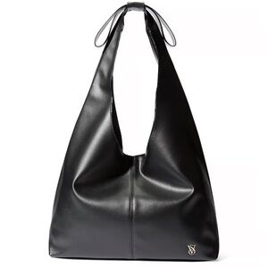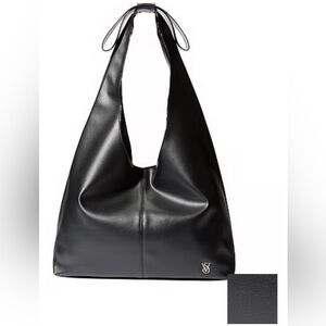 Victoria's Secret Sleek Black Hobo Tote Bag Faux Leather NEW
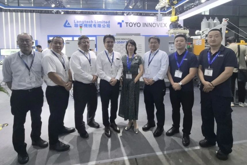 聯(lián)德機械、日本東洋TOYO管理層合影 TOYO INNOVEX株式會社 中國營業(yè)部部長代理 間鍋 宏樹(左1)、中國營業(yè)部部長代理 岡本 卓磨(左2)、執(zhí)行役員兼中國營業(yè)部部長 牧 卓矢(左4)、董事兼本部營業(yè)部部長 山本 博之(右3),東曜機械貿(mào)易(上海)有限公司副總經(jīng)理 松下 直哉(左3) ,與聯(lián)德機械集團聯(lián)朗(上海)機械有限公司總經(jīng)理駱妍嵐女士 (右4)、銷售總監(jiān)郭濤(右2)、技術(shù)經(jīng)理張慶泳(右1)
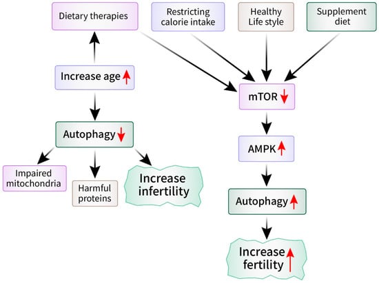 Reproductive aging is an inherent process marked by a gradual decrease in reproductive capacity as individuals grow older, and it impacts both males and females [52]. Although significant focus has been given to the hormonal and physiological transformations that occur throughout this period, recent studies have provided insight into the involvement of autophagy in reproductive aging [53]. A comprehensive understanding of the role of autophagy in the process of reproductive aging could provide valuable knowledge about the fundamental mechanisms that are involved and potential approaches for treatment [54]. The quality of oocytes is a crucial factor in determining fertility and reproductive success in females [55]. Oocytes are more susceptible to age-related deterioration because of the gradual increase in cellular damage. Research has demonstrated that the activity of autophagy declines in oocytes as they age, thus resulting in diminished quality and decreased ability to develop [56]. Impaired autophagy can lead to the buildup of impaired cell structures, such as mitochondria, and harmful clumps of proteins, which can contribute to the aging of egg cells and infertility [57]. The use of pharmacological or genetic methods to increase autophagic activity has been proposed as being a viable technique to enhance oocyte quality and fertility in elderly females [58]. The decrease in reproductive capacity due to aging is affected not only by internal factors but also by external factors such as lifestyle, nutrition, and environmental exposures [59]. Recent research indicates that dietary therapies and lifestyle changes that stimulate autophagy activation may have positive impacts on reproductive aging [60]. Studies have demonstrated that restricting caloric intake, practicing intermittent fasting, and supplementing the diet with chemicals that promote autophagy can increase autophagic activity and enhance reproductive outcomes in animal models [61,62]. Moreover, current research has demonstrated specific molecular pathways and regulatory systems that control autophagy during the process of reproductive aging (Figure 3). Autophagy is controlled by important regulators such as mTOR and AMPK. These regulators have been found to play a role in controlling the function of the ovaries and testes [63]. The exploration of the relationship between these communication routes and autophagy may result in the identification of new treatment targets for age-related loss of reproductive function [64].

● ● ● ● ● ● ●

**Instructions for the task**
Write out each line of the listing above, exactly, from its first line to the line holding "聯(lián)德機械、日本東洋TOYO管理層合影 TOYO INNOVEX株式會社", inclusive. Skip the pictures.

**Expected output**
 Victoria's Secret Sleek Black Hobo Tote Bag Faux Leather NEW
 聯(lián)德機械、日本東洋TOYO管理層合影 TOYO INNOVEX株式會社 中國營業(yè)部部長代理 間鍋 宏樹(左1)、中國營業(yè)部部長代理 岡本 卓磨(左2)、執(zhí)行役員兼中國營業(yè)部部長 牧 卓矢(左4)、董事兼本部營業(yè)部部長 山本 博之(右3),東曜機械貿(mào)易(上海)有限公司副總經(jīng)理 松下 直哉(左3) ,與聯(lián)德機械集團聯(lián)朗(上海)機械有限公司總經(jīng)理駱妍嵐女士 (右4)、銷售總監(jiān)郭濤(右2)、技術(shù)經(jīng)理張慶泳(右1)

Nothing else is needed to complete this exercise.